- [Data excerpt]
*-*-*

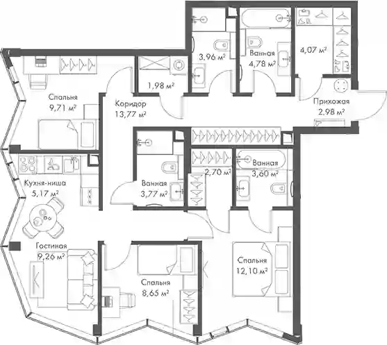 В комплексе предложено множество планировочных решений: в наличии квартиры, как классического типа, так и европланировки. Квартиры сдаются с подчистовой отделкой, высотой потолков 3 м и панорамным остеклением в пол.
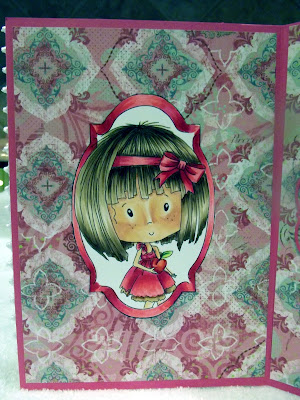 Oh! What fabulous coloring skills, Patty Sue! I love the highlights in her hair and ribbon, and then again, around her eyes and dress. Such a wonderful color combination, and really great background papers - contemporary, yet vintage! Pretty, and yet, cute! Wonderful creation! Hope your week-end is extra special! hugs, de
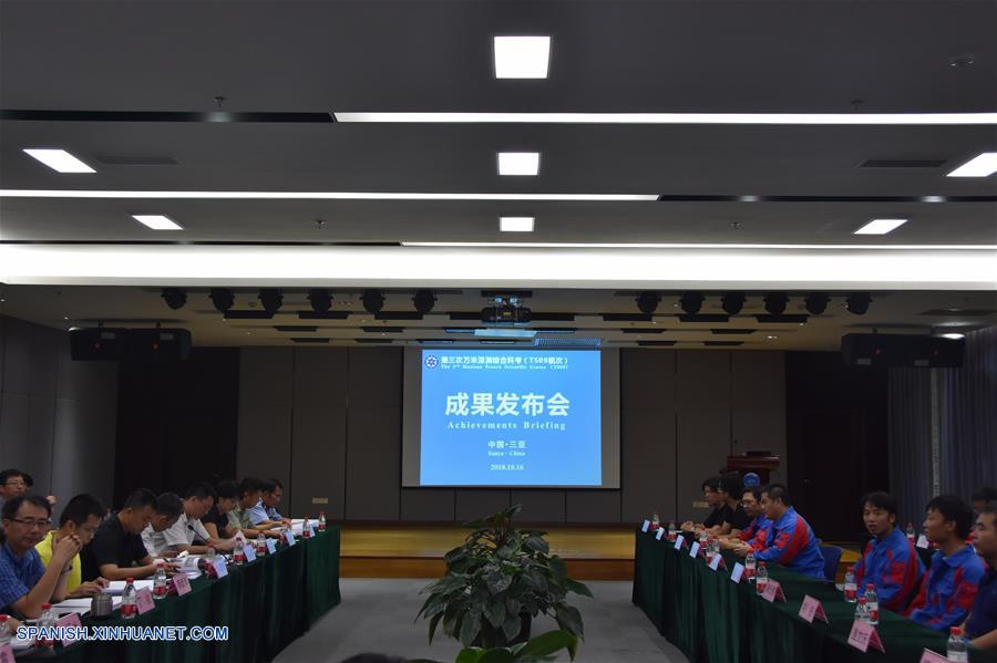 HAINAN, octubre 16, 2018 (Xinhua) -- Una conferencia mostrando los resultados fructíferos en la misión de investigación en aguas profundas es llevada a cabo en el Instituto de Misión de Investigación de Alta Mar de la Academia de Ciencias de China, en Sanya, provincia de Hainan, en el sur de China, el 16 de octubre de 2018. Un equipo de 59 investigadores chinos regresó el martes a Sanya de la Fosa de las Marianas después de completar una misión de investigación en aguas profundas de 7,292 millas náuticas, de 54 días de duración. (Xinhua/Liu Deng)

*-*-*

- [Exercise] Output all the material above exactly once more, leaving every picture out.

- [Task solution]
 В комплексе предложено множество планировочных решений: в наличии квартиры, как классического типа, так и европланировки. Квартиры сдаются с подчистовой отделкой, высотой потолков 3 м и панорамным остеклением в пол.
 Oh! What fabulous coloring skills, Patty Sue! I love the highlights in her hair and ribbon, and then again, around her eyes and dress. Such a wonderful color combination, and really great background papers - contemporary, yet vintage! Pretty, and yet, cute! Wonderful creation! Hope your week-end is extra special! hugs, de
 HAINAN, octubre 16, 2018 (Xinhua) -- Una conferencia mostrando los resultados fructíferos en la misión de investigación en aguas profundas es llevada a cabo en el Instituto de Misión de Investigación de Alta Mar de la Academia de Ciencias de China, en Sanya, provincia de Hainan, en el sur de China, el 16 de octubre de 2018. Un equipo de 59 investigadores chinos regresó el martes a Sanya de la Fosa de las Marianas después de completar una misión de investigación en aguas profundas de 7,292 millas náuticas, de 54 días de duración. (Xinhua/Liu Deng)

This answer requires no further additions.